## [Required work]
Under this line sits a listing. Repeat exactly and only its lines from the one holding "сезон, год). Кольца" through the one holding "Folding 4-Panel Room"; skip pictures.

## [Data for analysis]
▶

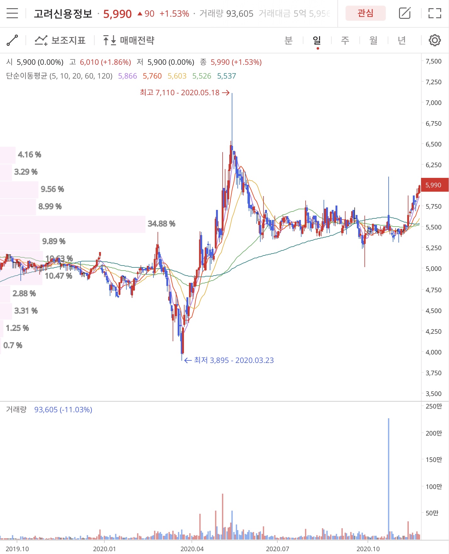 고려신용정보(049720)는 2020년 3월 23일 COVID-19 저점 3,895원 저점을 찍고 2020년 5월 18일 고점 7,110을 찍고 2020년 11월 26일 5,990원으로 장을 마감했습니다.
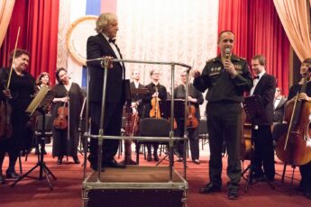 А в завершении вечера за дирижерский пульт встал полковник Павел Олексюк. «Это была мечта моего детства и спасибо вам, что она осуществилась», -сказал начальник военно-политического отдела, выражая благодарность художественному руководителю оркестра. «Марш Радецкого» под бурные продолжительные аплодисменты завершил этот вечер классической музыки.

◀
▶

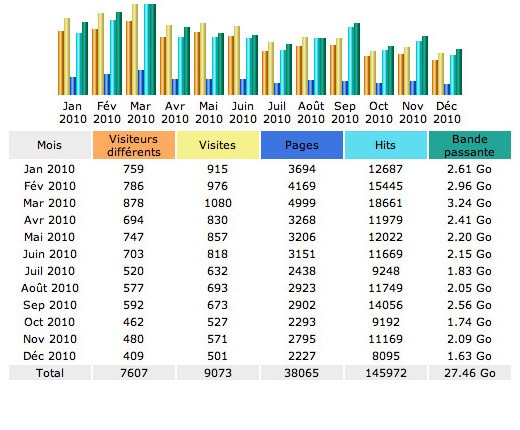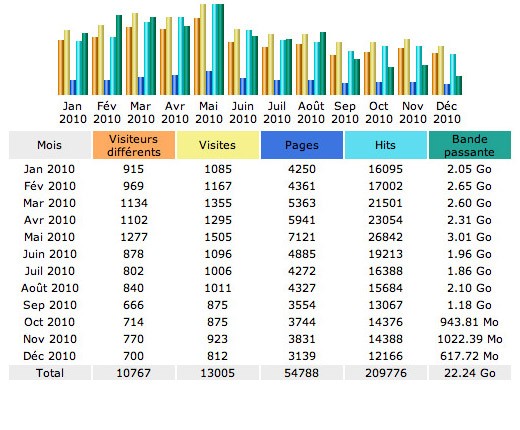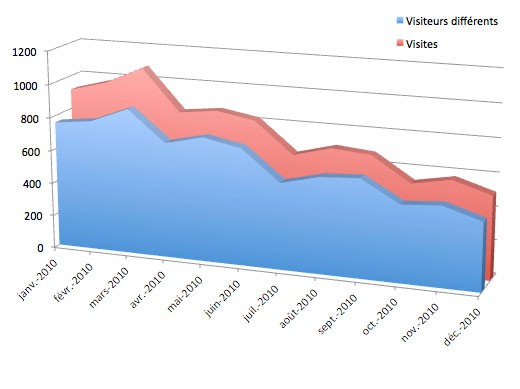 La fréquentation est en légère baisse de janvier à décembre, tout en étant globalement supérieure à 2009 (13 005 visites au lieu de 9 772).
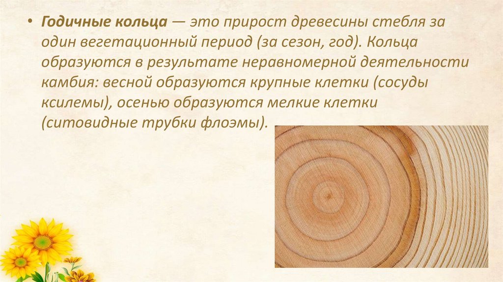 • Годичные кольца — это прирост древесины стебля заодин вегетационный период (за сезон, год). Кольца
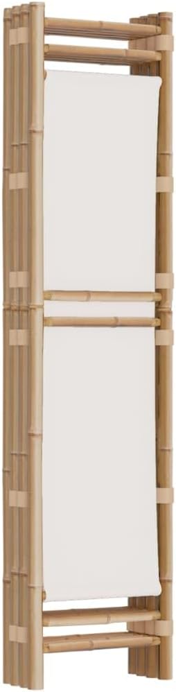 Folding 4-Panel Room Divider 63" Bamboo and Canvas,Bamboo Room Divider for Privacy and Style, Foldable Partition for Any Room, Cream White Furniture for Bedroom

◀

## [Result for this task]
 • Годичные кольца — это прирост древесины стебля заодин вегетационный период (за сезон, год). Кольца
 Folding 4-Panel Room Divider 63" Bamboo and Canvas,Bamboo Room Divider for Privacy and Style, Foldable Partition for Any Room, Cream White Furniture for Bedroom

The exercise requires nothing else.